We built LightStep to help with this, and we started with LightStep [x]PM to focus on performance and reliability in particular. Our platform is not a reimplementation of Dapper, but an evolution and a broadening of its value prop: with LightStep’s unconventional architecture, we can analyze 100.0% of transaction data rather than 0.01% of it like we did with Dapper. This unique – and technically sophisticated – approach gives our customers the freedom to focus on the performance issues that are most vital to their business and jump to the root cause with detailed end-to-end traces, all in real-time.

For instance, Lyft sends us a vast amount of data – LightStep analyzes 100,000,000,000 microservice calls every day. At first glance, that data is all noise and no signal: overwhelming and uncorrelated. Yet by considering the entirety of it, LightStep can measure how performance affects different aspects of Lyft’s business, then explain issues and anomalies using end-to-end traces that extend from their mobile apps to the bottom of their microservices stack. The story is similar for Twilio, GitHub, Yext, DigitalOcean, and the rest of our customers: they run LightStep 100% of the time, in production, and use it to answer pressing questions about the behavior of their own complex software.
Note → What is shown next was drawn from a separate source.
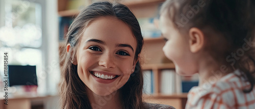 Happy Young Mother Smiling at Her Toddler Daughter Indoors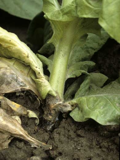 Although often observed on the upper parts of the stem Sclerotinia sclerotiorum is sometimes found close to soil line. It causes moist, dark brown to brown lesions, covered occasionally by a fleecy white felting and white, later to become black sclerotia (figures 1 and 2). If the sclerotia are not present , we suggest you to place samples (altered portions of stems) in a plastic bag with wet paper, ("towel"). In case Sclerotinia sclerotiorum is responsible for lesions observed, it will soon produce mycelium and sclerotia (Figure 3) the presence of which will allow you to identify the pathogen. For further information, see the fact sheet of Sclerotinia sclerotiorum.

The credit for what LightStep has accomplished goes to our team. We value technical skill and motivation, of course; that said, we also value emotional sensitivity, situational awareness, and the ability to prioritize and leverage our limited resources. LightStep will continue to innovate and grow well into the future, and the people here and their relationships with our inspiring customers are the reason why. The company has also benefited in innumerable ways from early investors Aileen Lee and Michael Dearing, the staff at Heavybit, and of course our board members from Redpoint and Sequoia, Satish Dharmaraj and Aaref Hilaly. Our board brings deep company-building experience as well as a humility and humor that we don’t take for granted.

It’s no secret that software is getting more powerful every day. As it does, it becomes more complex. LightStep exists in order to decipher that complexity, and ultimately to deliver insights and information that let our customers get back to innovating. Nothing gets us more excited than the success stories we hear from our customers. As we continue to build towards our larger vision, we look forward to hearing many more.